/this/url/sucks/cgi-bin/showArticle2.php?
articleID=9487220&sessionID=394582849
&phaseOfMoon=…


Is there a reason I should care what scripting language your site is implemented in this week?

Is there a reason I should care what variable names your script uses this week?

Is there a reason I should care what directory you store your script in this week?

Is there a reason why I should see any implementation details at all, or be forced to try to cut and paste a 494-byte URL when I want to recommend your site to a friend?

And should it be harder to make a sensible URL than a ludicrous one?


These questions have been bugging me for a while now, and I’m certainly not the only one. The problem is that not only do many systems create ugly URLs by default — one of the most hideous examples I’ve seen recently was the otherwise interesting Exhibition Engine, which actually does generate 494-byte URLs — even a small reorg of your site will break user bookmarks unless you invest time in awkwardly-implemented URL-redirection libraries.

So I guess the real title of this rant is “Implementation Details Considered Harmful.” Now, how do we fix it?

People familiar with my other sites will understand why I’m interested in the Gallery project on SourceForge. I can’t really use it without separating the page layout from the code and ripping out the JavaScript and pop-ups, but it’s a cool package, and you can strip a lot of the implementation details out of the URLs. Well, if you’re running Apache 1.x with mod_rewrite, anyway.

What to do?

"The similarity to unix and other disk operating system filename conventions should be taken as purely coincidental, and should not be taken to indicate that URIs should be interpreted as file names." —W3C URI specs

For static web sites, the “URL as path” model made sense. You had to put your HTML files somewhere on the disk, after all, so a straight mapping from one to the other avoided all sorts of problems. It also created a few, like adopting the Unix ~user convention for personal areas on a server.

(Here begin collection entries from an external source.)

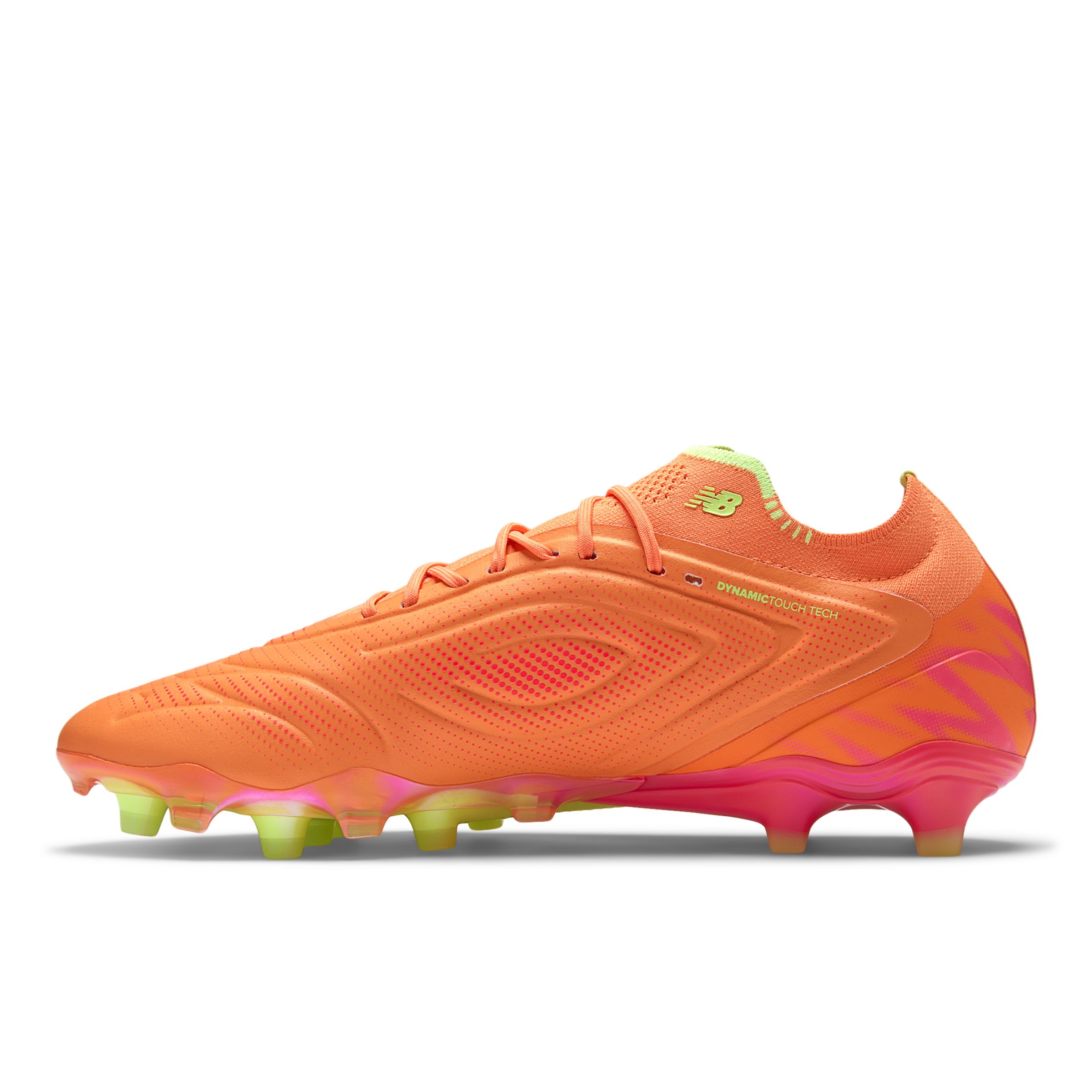 Características: Dynamic TouchTech: PU de microfibra liviano de primera calidad con canales en relieve ubicados estratégicamente y elementos de impresión de agarre para ayudar a optimizar el toque y el contacto entre el botín y la pelota Cuello Hypoknit de una sola pieza diseñado alrededor de los contornos del tobillo para brindar una experiencia de ajuste ceñido pero cómodo Suela de nailon de primera calidad para jugar en terreno firme La combinación de tacos cónicos y en forma de cuchilla en el antepié facilita el movimiento multidireccional y proporciona tracción reactiva y dinámica Paquete de talón anatómico rediseñado que brinda máxima comodidad y disminuye la necesidad de adaptación Línea Tekela usada por Endrick, Raheem Sterling, Harvey Elliot, Jordyn Huitema y Tim Weah 211.6 grams (7.5 oz) Material: La parte superior de PU de microfibra liviana de primera calidad proporciona una sensación de tacto cercano pero cómodo.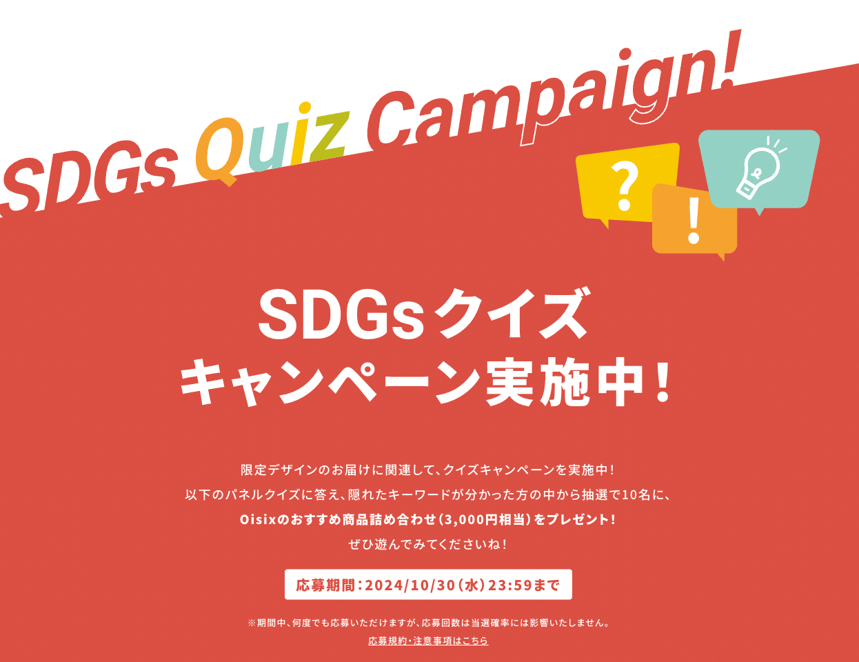 今回の期間限定デザインでの商品お届けに合わせて、キャンペーンを実施中です。「Oisixデザインミュージアム」特設サイトに掲載されたクイズに答え、パネルに隠れたキーワードを入力いただいた方の中から抽選で10名に「Oisixの人気食材」詰め合わせ(3,000円相当)をプレゼントします。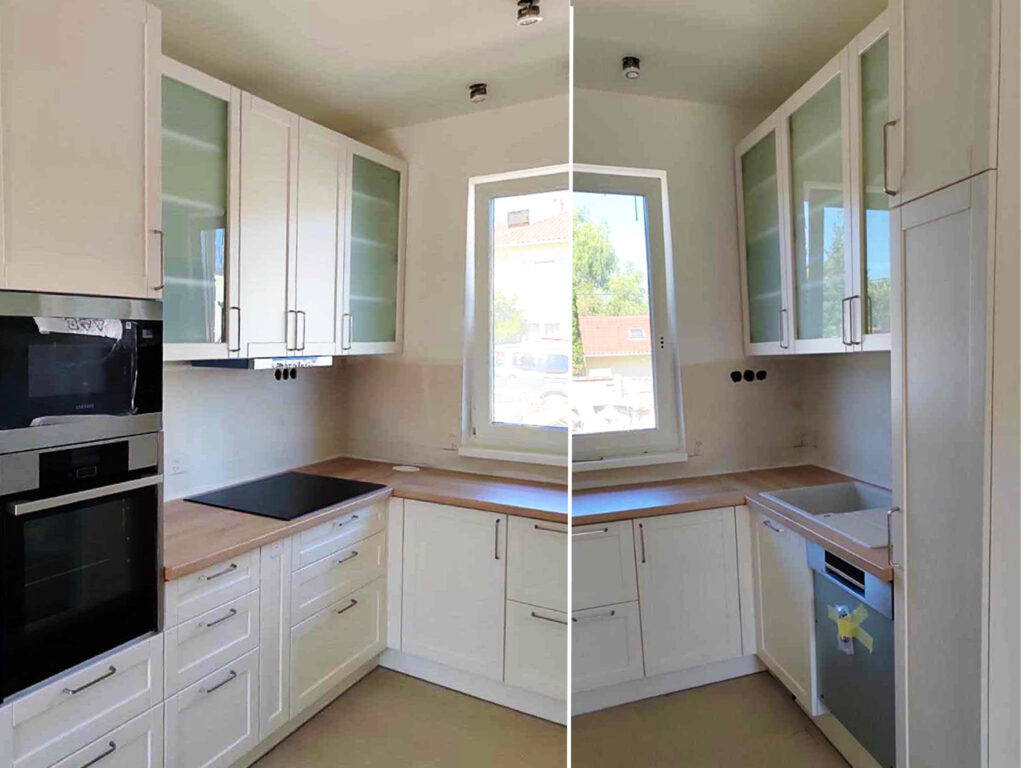 Az alapot azonos konyhabútorfrontok adták – így a ház két része vizuálisan is rokon maradt –, ám a tér elrendezése, a csempeválasztás és a részletek más-más karaktert kaptak.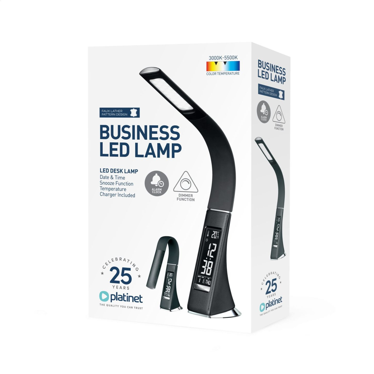 Platinet PDLU3B stolní LED lampa stmívatelná, flexibilní rameno, hodiny, černá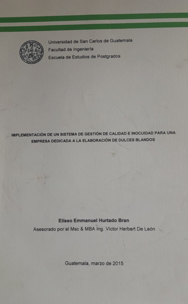 Implementación de un sistema de gestión de calidad e inocuidad para una empresa dedicada a la elaboración de dulces blandos / Hurtado Bran. Eliseo Emmanuel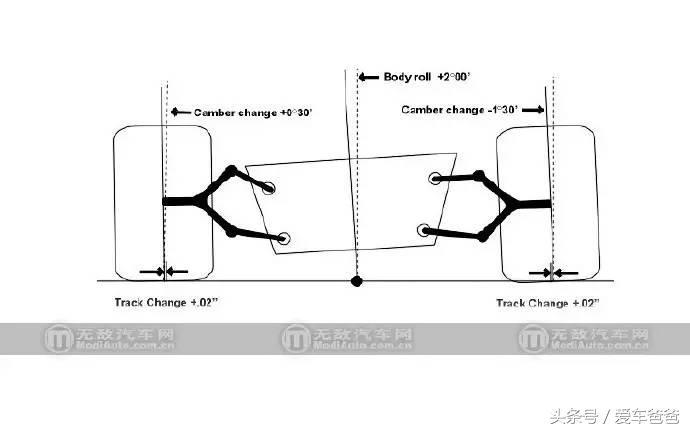 图:因为悬挂均是非平行四边形设计,因此悬挂摆动时会产生倾角,这就是倾角增益Camber Gain。倾角增益的大小由悬挂设计决定。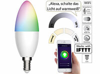 Die Lichtfarbe per App und Sprachbefehl steuern Luminea Home Control WLAN-LED-Lampe LAV-155.rgbw, E14, www.pearl.de- Für jeden E14-Lampensockel geeignet - CCT…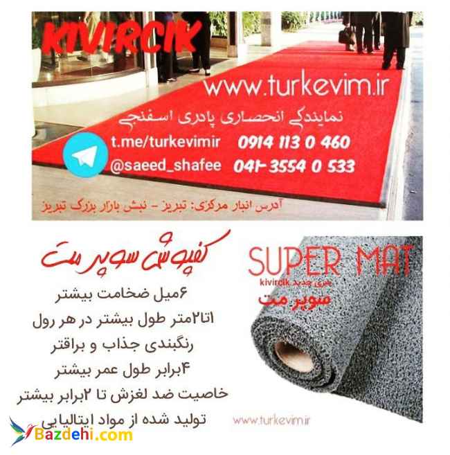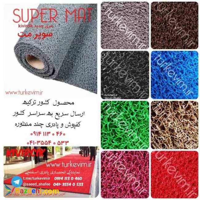 این محصول چند منظوره سری جدید سوپرمت تولید کارخانه kivircik ترکیه میباشد که توسط نمایندگی انحصاری تورک اویم، مستقیم و بدون واسطه با قیمت درب کارخانه در سراسر کشور توزیع میگردد ابعاد رول کامل:به عرض یک متر و طول ۱۶متر و تراکم بالا با ضخامت 16 میل با برگه و برچسب اصالت کالا. قابلیت برش در سایز و شکل دلخواه بدون از دست رفتن بافت و استحکام محصول تنوع رنگ: سبز،آبی،قهوه ای،کرم،زرشکی،قرمز،مشکی ،طوسی موارد استفاده:جلوی درب اماکن ،روی پله ها،کف فضاهای دارای احتمال لغزندگی،راهروها،لابی اماکن،کف آسانسور ،کف پاگرد ،دور استخر،سرویس بهداشتی،کف تراس ،فضاهای ورزشی و تفریحی،فرش تشریفات تالار،هتل،فرودگاه،رستوران،کافه تماس و سفارش: ارسال سریع و مطمئن به سراسر کشور t.me/turkevimir : آدرس کانال تلگرام https://www.turkevim.ir : آدرس سایت ۰۴۱۳۵۵۴۰۵۳۳ - ۰۹۱۴۱۱۳۰۴۶۰ - ۰۹۳۶۸۵۵۶۵۶۸ آدرس دفتر مرکزی:تبریز-نبش بازار بزرگ تبریز-نمایندگی تورک اویم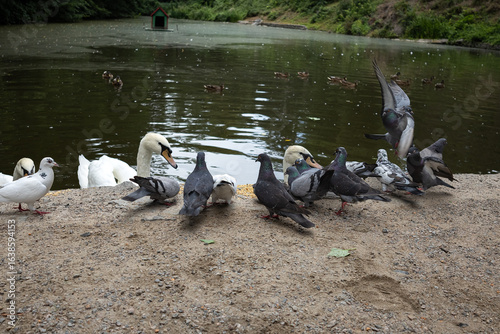 Fototapeta premium Pigeons and a swan feeding by the edge of a peaceful park pond

With all the scripting going on these days, though, it’s become a major design flaw, so deeply embedded that every web server has at least one workaround for it. I think Apache has at least a dozen, of which mod_rewrite is probably the most arcane and widely-used.

The fix? Stop looking at dynamic web sites as “scripts with arguments,” and change the server so they can be easily configured as “scripted name-spaces.” The Gallery folks are on the right track with their mod_rewrite hack: replace /gallery/view_album.php?set_albumName=fishtank&id=guppy4 with /gallery/fishtank/guppy4.

But don’t stop there. If someone links to that picture today, will their bookmark work next year? We have complete control over the /gallery/ name-space, so if we can’t find an exact match, we can turn it into a search. In fact, we can treat all requests as searches, creating galleries dynamically in response to user requests. I can type /gallery/guppy on your site, and you can type /gallery/models/blondes on mine. As long as there’s something on the site that matches, we’ll get what we were looking for, and saved bookmarks will work.

There’s CPU usage to deal with, and state to maintain, of course, but I’ve got a few ideas for those, as well. That’s another rant.

Update: Since I originally wrote this, I’ve migrated my online cookbook to work this way. Try it out, and pay attention to the URLs, especially when entered with errors.

Update: To no great surprise, someone else has proposed something similar in concept but considerably smaller in scope. He has, however, given it a catchy name, Slash Forward. I don’t actually like the name, even setting aside the fannish connotation of “slash”; for some reason it reminds me of the obscure and poorly-articulated artistic movement FoundView. No obvious relationship between the two, particularly in regards to how they’re explained, but I get cranky sometimes.